- EXERCISE DETAILS:
Exactly retype the lines below from the one containing "戸(4画)次(6画) 沙(8画)緒(15画)理(11画)" through the end of the listing. Leave pictures out.
BEGIN SOURCE DATA
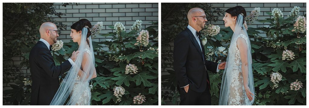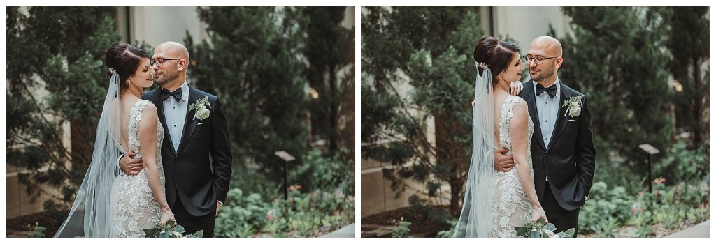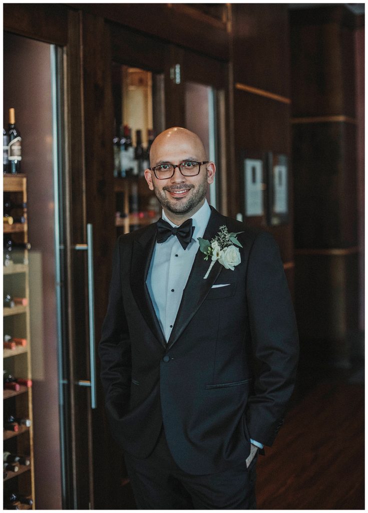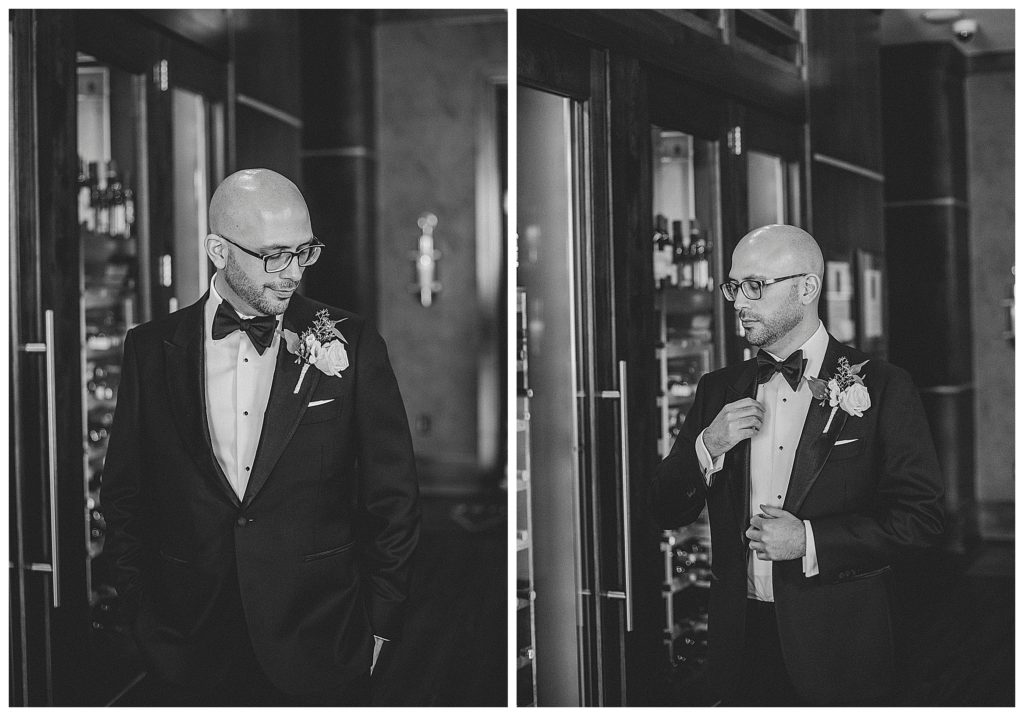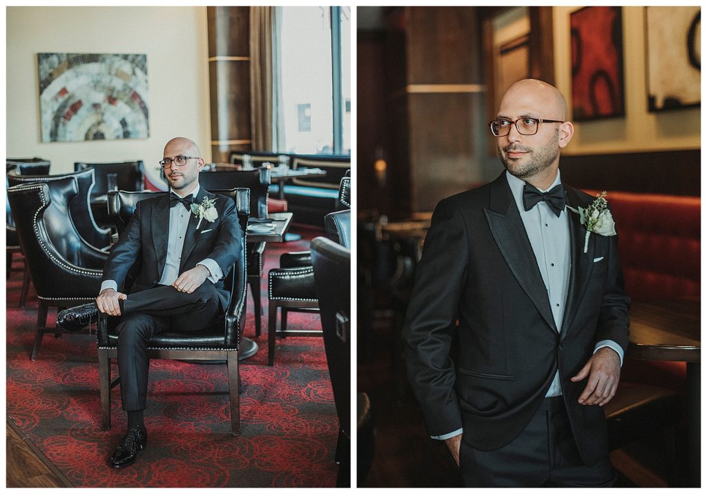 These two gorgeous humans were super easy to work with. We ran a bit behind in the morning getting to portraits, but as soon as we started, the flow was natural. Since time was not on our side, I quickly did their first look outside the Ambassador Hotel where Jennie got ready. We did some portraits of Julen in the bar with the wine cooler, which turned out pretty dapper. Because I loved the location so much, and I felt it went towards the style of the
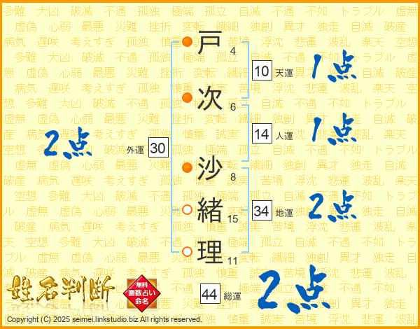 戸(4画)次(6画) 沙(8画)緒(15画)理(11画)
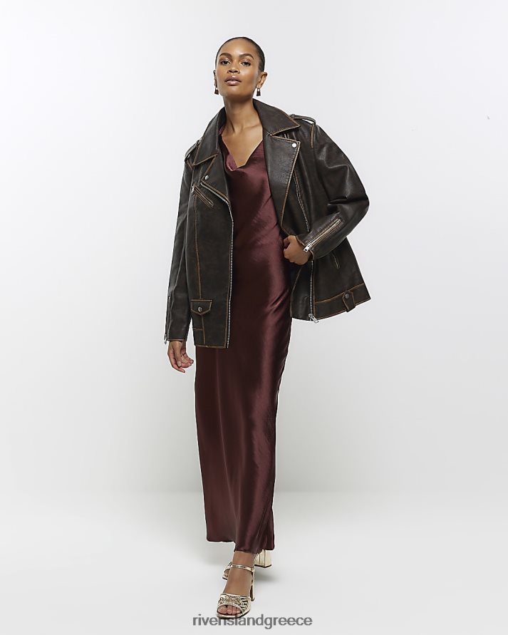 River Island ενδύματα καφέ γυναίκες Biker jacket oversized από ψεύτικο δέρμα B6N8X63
END SOURCE DATA
- EXERCISE ANSWER:
 戸(4画)次(6画) 沙(8画)緒(15画)理(11画)
 River Island ενδύματα καφέ γυναίκες Biker jacket oversized από ψεύτικο δέρμα B6N8X63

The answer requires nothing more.